The Broons, y’see, are Scotland’s Favourite Family. But then, you knew that already.
Last Thursday, I went to the Perth Concert Hall to watch a new play, The Broons: Maggie’s Wedding, for a review for The Edinburgh Reporter…
The review is here. It doesn’t get too deeply into my more personal reflections on the show, because that’s not really the point, is it? But I have been continuing to think about it. I’m definitely going to drag my own Paw Broon and Mrs Stroke Bloke to see it when it comes to Edinburgh.
For anyone who doesn’t know, The Broons are the family featured in an eponymous comic strip in Scots published in The Sunday Post. The strip has been running since 1936, so it’s a bit of a national institution.
I have to admit, I was a bit unsure of the kind of night I was going to have when I walked into the theatre. Scottish historian Tom Nairn once famously said
Scotland will not be free until the last minister is strangled with the last copy of the Sunday Post.
And you can see his point. The Post is inherently conservative with a small ‘c’. To illustrate, columnist Francis Gay has been writing his column My Week featuring sentimental stories and a weekly short poem since the 1920s. Seriously.
And the main plot of The Broons: Maggie’s Wedding is driven by Maw Broon’s desire to keep everything the way it’s always been. Regular readers will recognize that this doesn’t really jibe with the Stroke Bloke outlook on life. Y’know – Is this the best we can do? Should we just settle?
Still, it’s understandable. Maw’s been living in the same world since 1936. As any stroke survivor (and any recent visitor to my former adoptive homeland) will testify, change – a different world – can be scary.
Although of course, Maw’s world is different in Maggie’s Wedding. As Hen Broon wails,
I’m not a two-dimensional character! I’m a human being!
That’s different!
One of the great things about the show is that the characters of the Broon family are a little more complex during a night of theatre than they can afford to be over the course of a short comic strip. And at the same time,
[p]laywright Rob Drummond and director Andrew Panton have consumed Broons material from all of the family’s nine decades, and the characters ring true to their two-dimensional counterparts.
Similarly, the message of The Broons is a little more complicated in my head. The Broons are a family that have adapted over the decades such that they can still fill a modern theatre in Perth in 2016. As I was talking to my own Paw Broon today, I was even reflecting on my days working on a deal with a paper mill that was about to be hit by the downturn in the newspaper industry, and speculating on how the Broons might evolve to survive the industry’s eventual death. Their themes of comic misunderstandings and generation gaps are timeless and universal, after all.

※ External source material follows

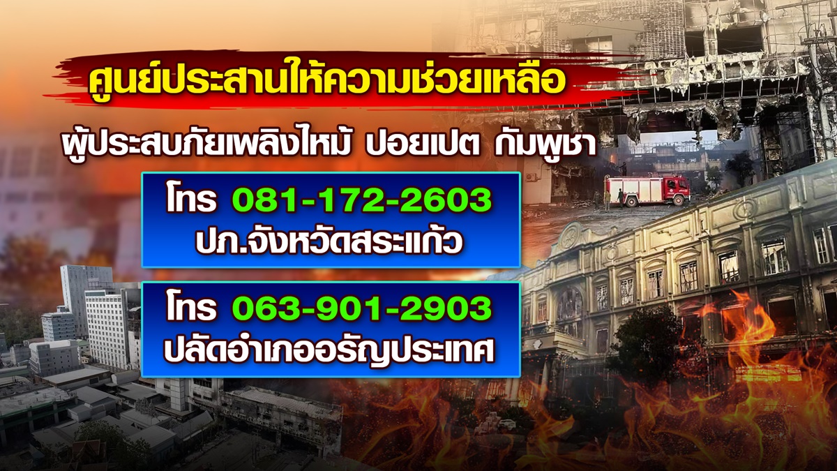 สำหรับศูนย์ประสานให้ความช่วยเหลือคนไทยผู้ประสบภัยฯ หากต้องการติดต่อ หรือติดตามหาญาติ สามารถโทรศัพท์ไปได้ที่หมายเลข 081 172 2603 ซึ่งเป็นเบอร์ของ ปภ.จังหวัดสระแก้ว และปลัดอำเภออรัญประเทศ ที่หมายเลข 063 901 2903. – สำนักข่าวไทย

In fact, The Sunday Post might inadvertently have been more radical that anyone thought. Generations of Scottish kids have learned Scots by reading The Broons, and that’s kind of ahead of its time.

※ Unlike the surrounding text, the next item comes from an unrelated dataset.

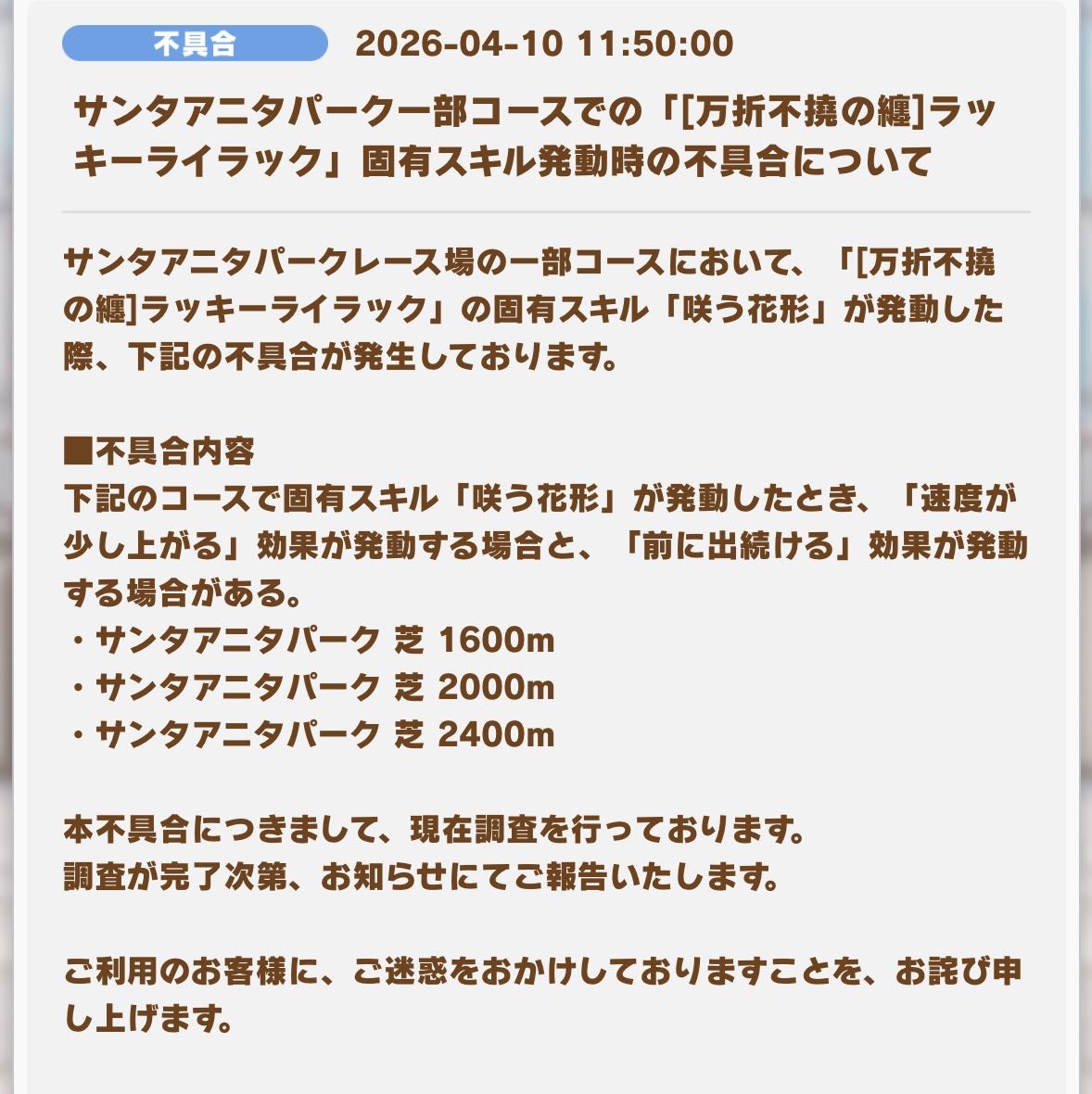 ララ!実装直前なのに固有に不具合が出てるわ!ララ!

If you think Gaelic or Scots are irrelevant to you that’s fine. But you don’t have a right to insist they’re irrelevant to everyone else too
— Paul Kavanagh (@weegingerdug) October 1, 2016
I even sang Ally Bally Bee – which featured in Maggie’s Wedding and was sung along to by the audience – to my American daughter when she was wee. In fact, the programme for Maggie’s Wedding has a braw wee Broonsian Dictionary of Scots.
That nursery rhyme wasn’t the only thing the audience sang along with on Thursday. The night ended with a bit of a musical theatre jukebox of Scottish pop songs, from The Bay City Rollers to The Proclaimers (who even got a wee joke to themselves in the show). There was a sense of shared experience that was nice.

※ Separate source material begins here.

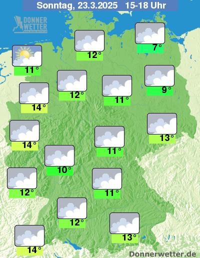 Am Sonntagnachmittag zeigt sich der Himmel über weiten Landesteilen wechselnd oder stark bewölkt; im Süden und Westen muss zeitweise mit einzelnen Schauern gerechnet werden, sonst bleibt es weitgehend trocken.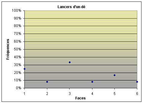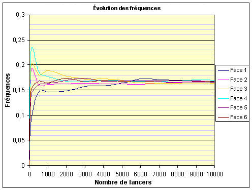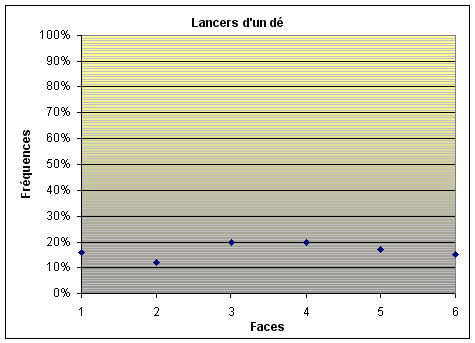 Et en dessous un graphique donnant les fréquences de chaque face se remplit automatiquement.

Now, particularly in the wake of Brexit and the Trump tsunami, I’m not saying that nationalism in and of itself is a good thing. And of course, we tend to be blind to our own nationalism. Think of the Brexiteers who would were decrying Scottish nationalism a couple of years ago. I’m sure that people who support Trump in all his American nationalism wouldn’t characterize themselves as Christianist extremists or “so-called Republicans”.
Without wanting to get too Thought For The Day on you, I guess the lesson is, things change and we should be open to change with them. Who knows, maybe one day I’ll stop banging on about independence for Scotland.